Due diligence and disclosure

Scope of due diligence

What is the typical scope of due diligence in your jurisdiction? Do sellers usually provide due diligence reports to prospective buyers? Can buyers usually rely on due diligence reports produced for the seller?

As in other jurisdictions, the scope of due diligence can vary widely, typically depending on the amount and risk profile of the investment. Matters that are typically covered include corporate structure and organisation, permits and licences, litigation and government investigations, finances, material contracts, intellectual property, and employee matters. Buyers are expected to conduct their own due diligence, including preparation of due diligence reports.

Liability for statements

Can a seller be liable for pre-contractual or misleading statements? Can any such liability be excluded by agreement between the parties?

As the Civil Code of Taiwan recognises a pre-contractual duty to act in good faith, a seller can be liable for pre-contractual or misleading statements. The transaction documents may include a provision that limits seller liability only to those express representations and warranties in the definitive agreements, but a court may find that such limitation should not apply where there is evidence of fraud or bad faith.

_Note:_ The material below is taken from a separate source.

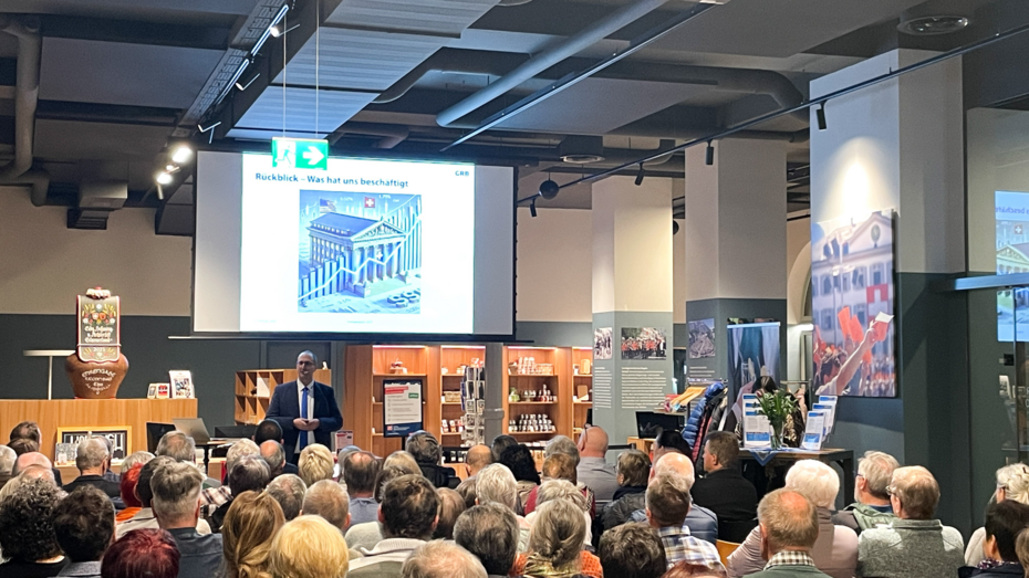 Gastreferenten Alessandro Poletti, Leiter Research & Advisory der befreundeten Ostschweizer Regionalbank acrevis aus St. Gallen, mit welcher die GRB in der Vermögensverwaltung eng zusammenarbeitet, vermochte einen vertieften Einblick in die Wirtschafts- und Finanzmarktentwicklungen 2024 wiederzugeben, bevor der Sprung ins 2025 und ein Ausblick ins laufende Jahr folgte. Informationen und Prognosen zum Arbeitsmarkt, der Geldpolitik und der Teuerung durften dabei natürlich nicht fehlen.
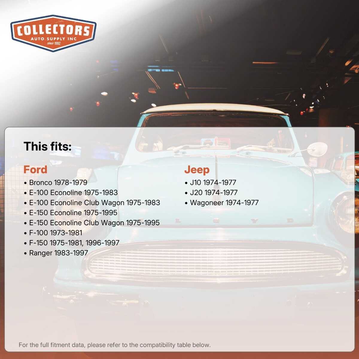 This auto part is covered by Collectors Auto Supply's three-dimensional promise — you'll get the right part the first time, you can talk to us, and with over 25 years in business and 100,000+ customer transactions, you can trust us to be the right choice to fuel your passion.

Publicly available information

What information is publicly available on private companies and their assets? What searches of such information might a buyer customarily carry out before entering into an agreement?

Limited basic corporate information is available for all Taiwan companies, including the total authorised and issued share capital, and the names and respective shareholdings of directors and supervisors. Notably, full shareholding information is not publicly available, unless all of the shares are held by the directors and supervisors.

Additional searches can be performed to check for litigation records or administrative penalties, but such publicly available information is limited and may not be complete.

Impact of deemed or actual knowledge

What impact might a buyer’s actual or deemed knowledge have on claims it may seek to bring against a seller relating to a transaction?

In general, if a buyer has knowledge of circumstances that constitute a claim before signing, the seller may be able to defend against liability in regard to this claim, but because enforcement of such provisions has not been significantly tested in the courts, it is generally advisable that the parties should carefully define the coverage of knowledge to avoid any unnecessary disputes.